Author: Jean-Marie Lafont
Publisher: Oxford University Press
Year: 2001
Language: English
Pages: 176
ISBN/UPC (if available): 0 19 565731 4
Description
This book with 50 color plates and several black and white sketches and maps brings together for the first time a collection of unpublished architectural drawings and rare maps of cities and monuments in eighteenth-century India.
Recent research by French and Indian scholars has revealed many new aspects of the interaction that took place between France and India during the seventeenth and eighteenth centuries. In this book, Jean-Marie Lafont brings together for the first time a collection of unpublished drawings and maps of cities and monuments in eighteenth-century India. The fifty color illustrations of plans and views of palaces, cities and monuments by French and Indian architects and engineers published here are drawn from the Centre des Archives d'OutreMer, Archieves Naionales and the Gentil Album of Palais Indiens at the Bibliotheque Nationale, Paris.

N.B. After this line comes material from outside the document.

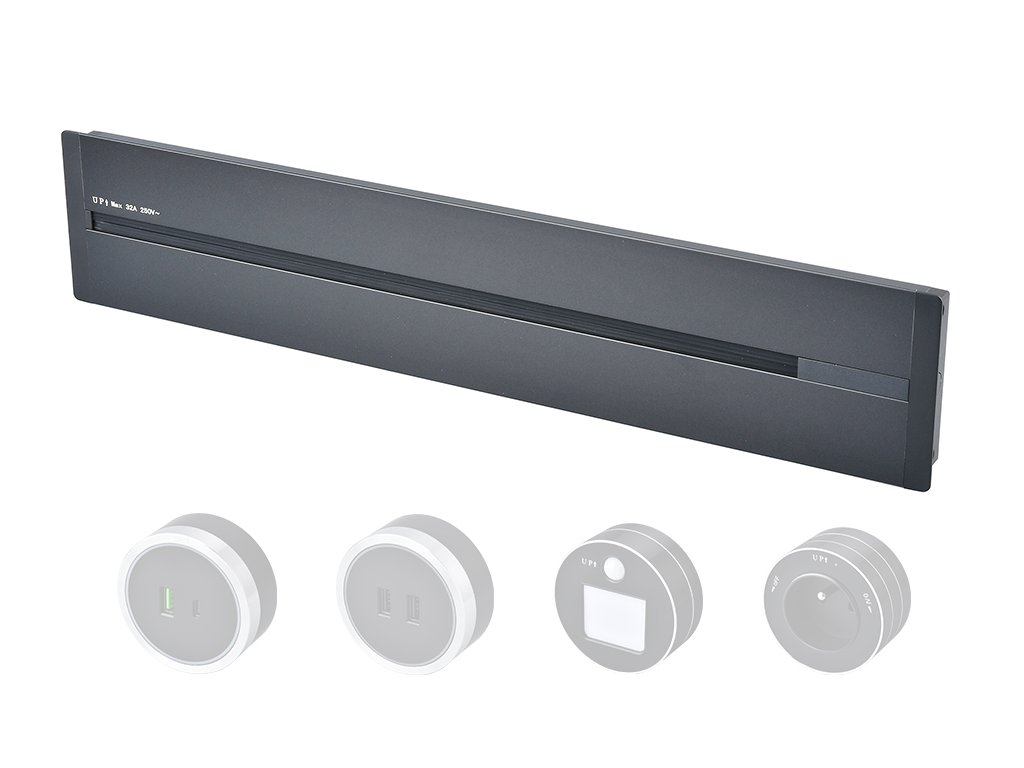 Zásuvková lišta - zápustná montáž • kompaktní rozměry 8 x 2 x 40 cm • připojení až 5 zásuvkových modulů • napájení 230V, 50Hz • ideální pro domácí i kancelářské využití • jmenovitý proud 32 A • robustní hliníková slitina • jmenovitý výkon 8000 W • ochrana IP20 • izolační napětí 500V • snadná manipulace a individuální uspořádání modulů v zásuvkové liště"Váš prostor, váš styl, vaše zásuvky - vždy podle vašich představ a nálady!"

A lucid introduction gives the historical background of these collections and traces them to the French Compagine des Indes Orientales with its trading posts on the sea shores of India. It also links them to the French specialists who entered the service of the Indian states which emerged in India after the collapse of the Mughal empire.
India, as seen in this book through its thriving cities and beautiful monuments, is astonishingly modern with its own urban dynamics and its flourishing trade with the world.
Lavishly illustrated and beautifully produced, as part of the French Sources of Indian History series, this book will appeal to historians and general readers interested in India's encounter with the West.